-- Opening Marker --
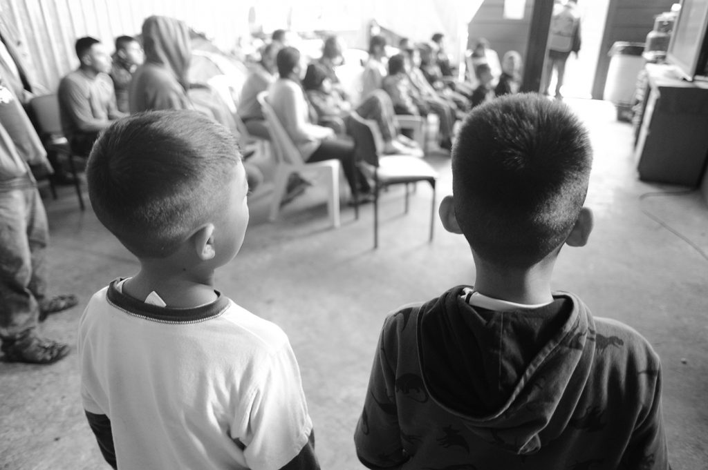 Honduran brothers Miguel, 9, (left) and Antonio, 8, (right) at a shelter for migrants in Tijuana. Antonio narrowly missed being killed by two men connected to organized crime who attacked his family with a machete in Honduras.
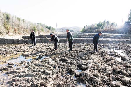 入冬以来,沙河乡积极开展农田水利基本建设。日前,已新修白沙河村水渠2000米,新修火光村河堤2500米,改造卢家坪村胭脂米示范基地200亩。全乡农田水利基本建设正在轰轰烈烈的开展。图为27日卢家坪村胭脂米种植示范基地改造现场。(赵爱平 田华锐 刘伟 摄)
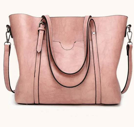 Elegant PU Leather Tote Bag with Detachable Strap - Pink
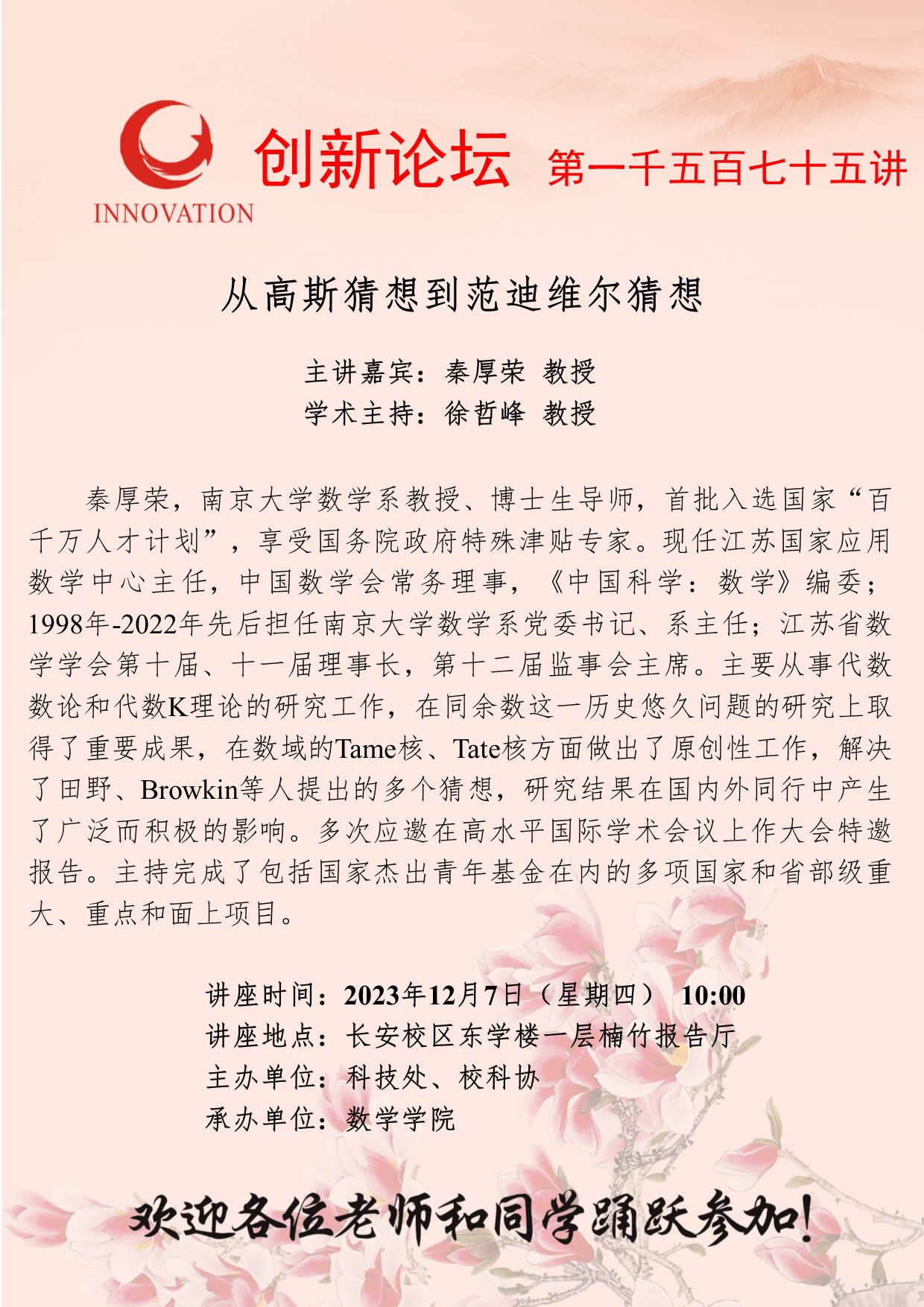秦厚荣 教授 乐投平台创新论坛第一千五百七十五讲:从高斯猜想到范迪维尔猜想 讲座时间 2023年12月7日(星期四) 10:00 讲座地点 长安校区东学楼一层楠竹报告厅 讲座人介绍 秦厚荣 教授 讲座内容
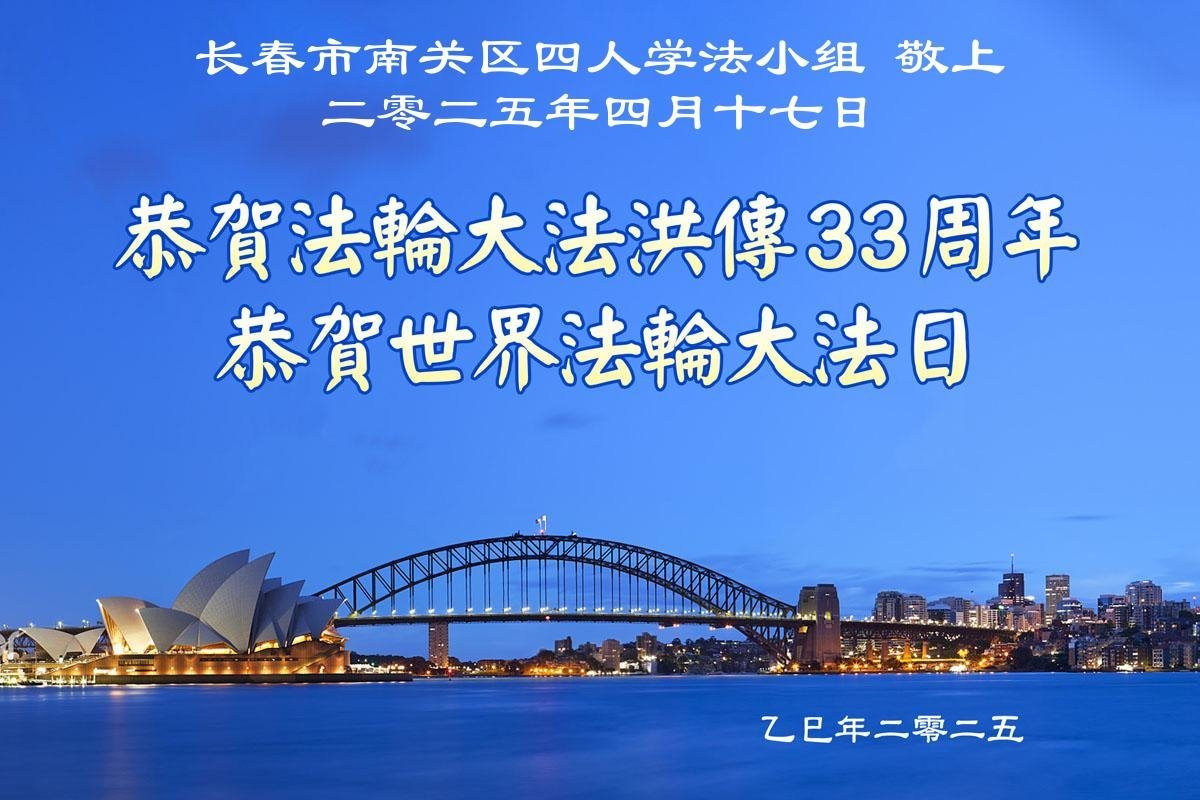 恭贺法轮大法洪传三十三周年!在513到来之时,我们四名大法弟子就听师父的话,多学法,学好法,发好正念,多救人,做好三件事,完成历史使命,不辜负师父的期望,做师父的真修弟子。谢谢师尊! 吉林省长春市大法弟子恭贺世界法轮大法日!
-- Closing Marker --
Work to be completed: Please restate the data word for word, leaving out any picture it holds.

Solution to the exercise:
 Honduran brothers Miguel, 9, (left) and Antonio, 8, (right) at a shelter for migrants in Tijuana. Antonio narrowly missed being killed by two men connected to organized crime who attacked his family with a machete in Honduras.
 入冬以来,沙河乡积极开展农田水利基本建设。日前,已新修白沙河村水渠2000米,新修火光村河堤2500米,改造卢家坪村胭脂米示范基地200亩。全乡农田水利基本建设正在轰轰烈烈的开展。图为27日卢家坪村胭脂米种植示范基地改造现场。(赵爱平 田华锐 刘伟 摄)
 Elegant PU Leather Tote Bag with Detachable Strap - Pink
秦厚荣 教授 乐投平台创新论坛第一千五百七十五讲:从高斯猜想到范迪维尔猜想 讲座时间 2023年12月7日(星期四) 10:00 讲座地点 长安校区东学楼一层楠竹报告厅 讲座人介绍 秦厚荣 教授 讲座内容
 恭贺法轮大法洪传三十三周年!在513到来之时,我们四名大法弟子就听师父的话,多学法,学好法,发好正念,多救人,做好三件事,完成历史使命,不辜负师父的期望,做师父的真修弟子。谢谢师尊! 吉林省长春市大法弟子恭贺世界法轮大法日!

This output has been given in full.